Update fixres

patrick-llgc · patrick-llgc · commit 2f8fbf637b24 · 2020-02-28T06:56:57.000-08:00
diff --git a/paper_notes/fixres.md b/paper_notes/fixres.md
@@ -5,19 +5,18 @@ _February 2020_
 tl;dr: Conventional imageNet classification has a train/test resolution discrepancy (domain shift).
 
 #### Overall impression
-Scale invariance/equivariance is not guaranteed in CNN (only shift invariance). The same model with different test time input will yield very different statistics. 

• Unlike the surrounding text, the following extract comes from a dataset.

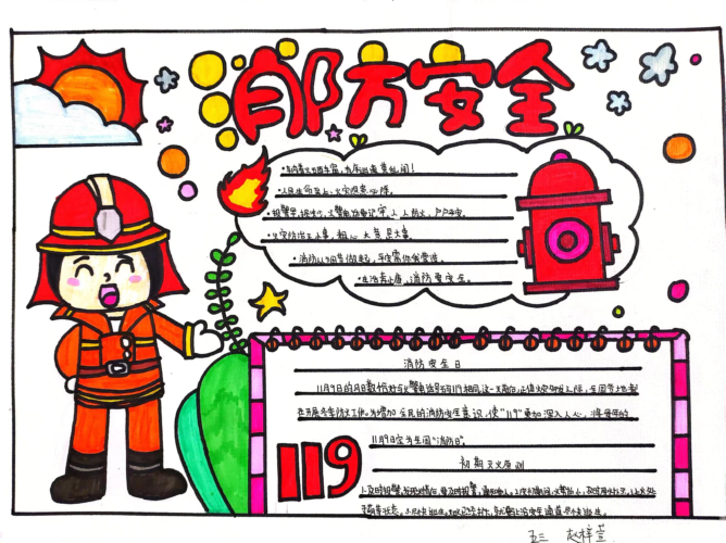 会后,各班安排学生绘制以消防安全为主题的手抄报。手抄报内容丰富、图文并茂、构思新颖,涵盖了消防安全知识、自护自救方法、防火警示标记、火警拨打119等。一句句朗朗上口的消防宣传标语、一幅幅色彩艳丽的图文漫画,生动形象,寓教于乐,成为学校宣传消防安全知识的一道道亮丽风景。

+Scale invariance/equivariance is not guaranteed in CNN (only shift invariance). The same model with different test time input will yield very different statistics. The distribution of activation changes at test time, the values are not in the range that the final cls layers were trained for.
 
 In ImageNet training, conventional way is to use 10-time crop (center, four corners, and their mirrors) and test time is always central crop. This leads to a discrepancy of the statistics in training/test.
 
-A similar work is MultiGrain, where the p-pooling is adjusted to match the train/test-time stats.
+Simple solution: **finetune last layer** with test time scale and resolution, as the final stage of training.
 
 
 #### Key ideas
-- The distribution of activation changes at test time, the values are not in the range that the final cls layers were trained for.
-- Simple solution: **finetune last layer** with test time scale and resolution.
-- Larger test crops yields better results.
 
 #### Technical details
+- Larger test crops yields better results.
+- A similar work is MultiGrain, where the p-pooling is adjusted to match the train/test-time stats.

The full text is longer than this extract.